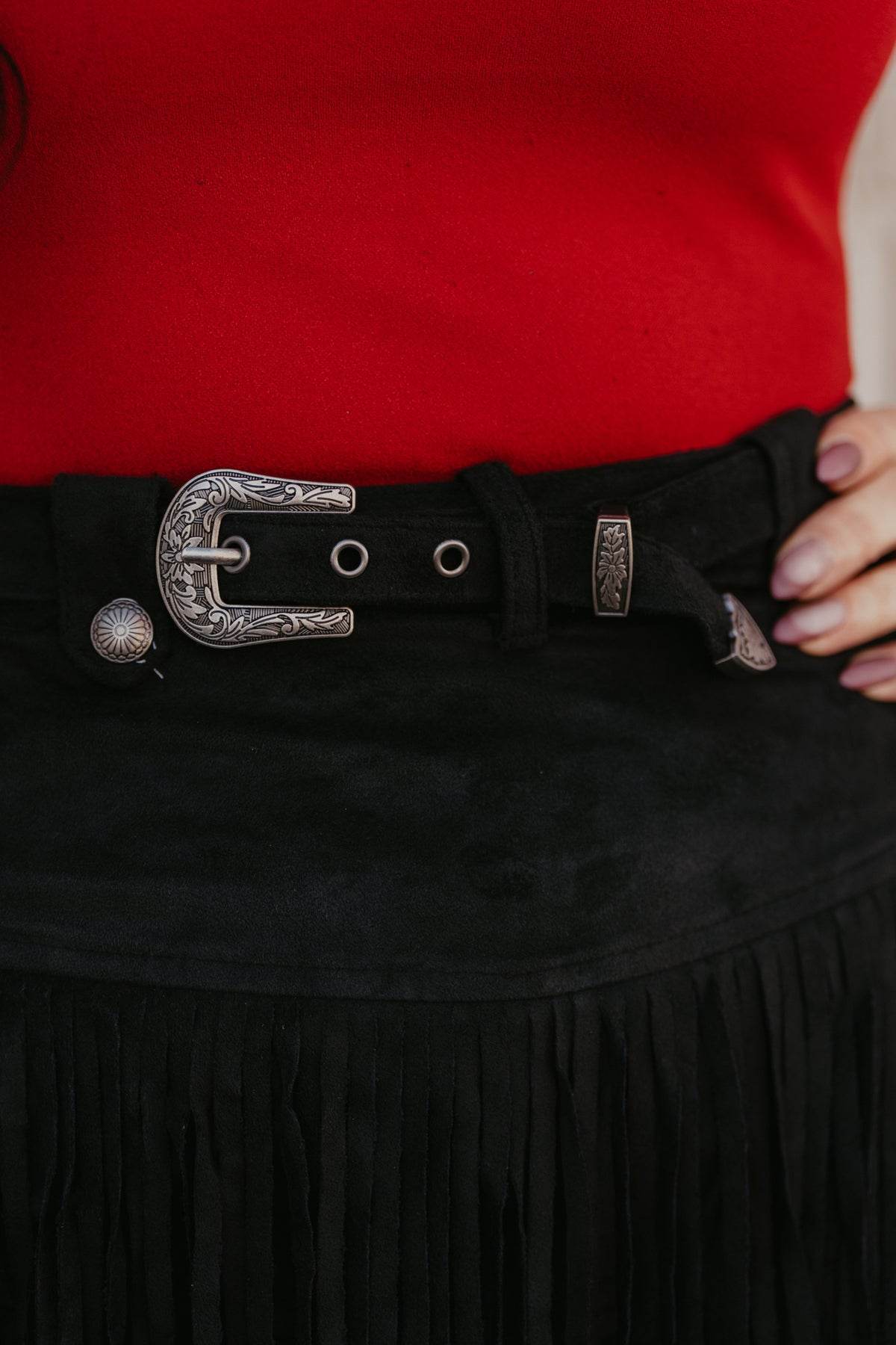 A basic and classic staple - every girl needs a black fringe skirt.Zipper side closure.
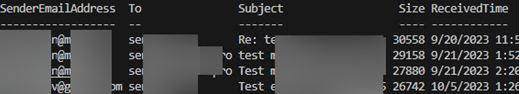 $inbox.Items | ft SenderEmailAddress, To, Subject, Size, ReceivedTime
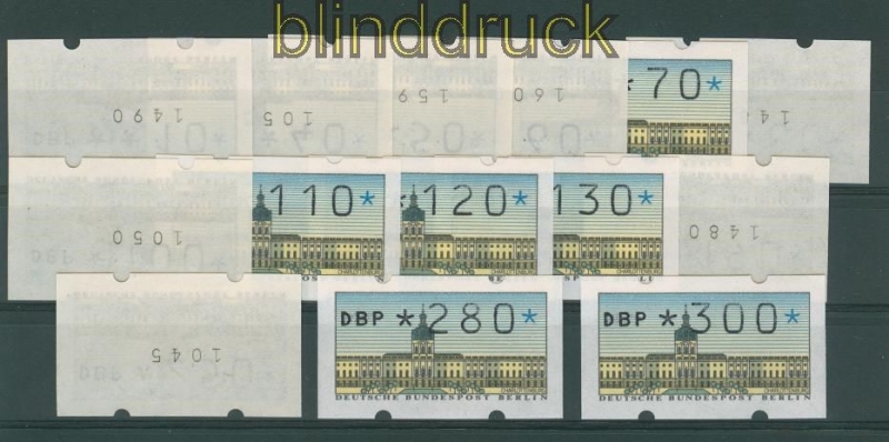 Berlin ATM Mi # 1 Tastensatz 1 postfrisch Automatenmarke Schloss Charlottenburg Tastensatz 1 komplette Ausgabe postfrisch 10, 40, 50, 60, 80, 100, 190 und 250 Pfennig mit rückseitiger Nummer Erhaltung siehe Scan
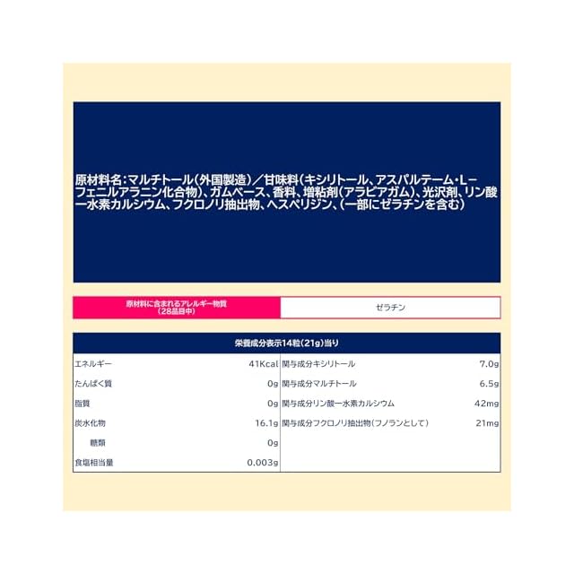 原材料:マルチトール(外国製造)/甘味料(キシリトール、アスパルテーム・L-フェニルアラニン化合物)、ガムベース、香料、増粘剤(アラビアガム)、光沢剤、リン酸一水素カルシウム、フクロノリ抽出物、ヘスペリジン、(一部にゼラチンを含む)
***
[TASK GOAL] Every line from the one with "Subject, Size, ReceivedTime" through the last line of the data must be copied exactly. Leave the pictures out.

[ANSWER BOX]
 $inbox.Items | ft SenderEmailAddress, To, Subject, Size, ReceivedTime
 Berlin ATM Mi # 1 Tastensatz 1 postfrisch Automatenmarke Schloss Charlottenburg Tastensatz 1 komplette Ausgabe postfrisch 10, 40, 50, 60, 80, 100, 190 und 250 Pfennig mit rückseitiger Nummer Erhaltung siehe Scan
 原材料:マルチトール(外国製造)/甘味料(キシリトール、アスパルテーム・L-フェニルアラニン化合物)、ガムベース、香料、増粘剤(アラビアガム)、光沢剤、リン酸一水素カルシウム、フクロノリ抽出物、ヘスペリジン、(一部にゼラチンを含む)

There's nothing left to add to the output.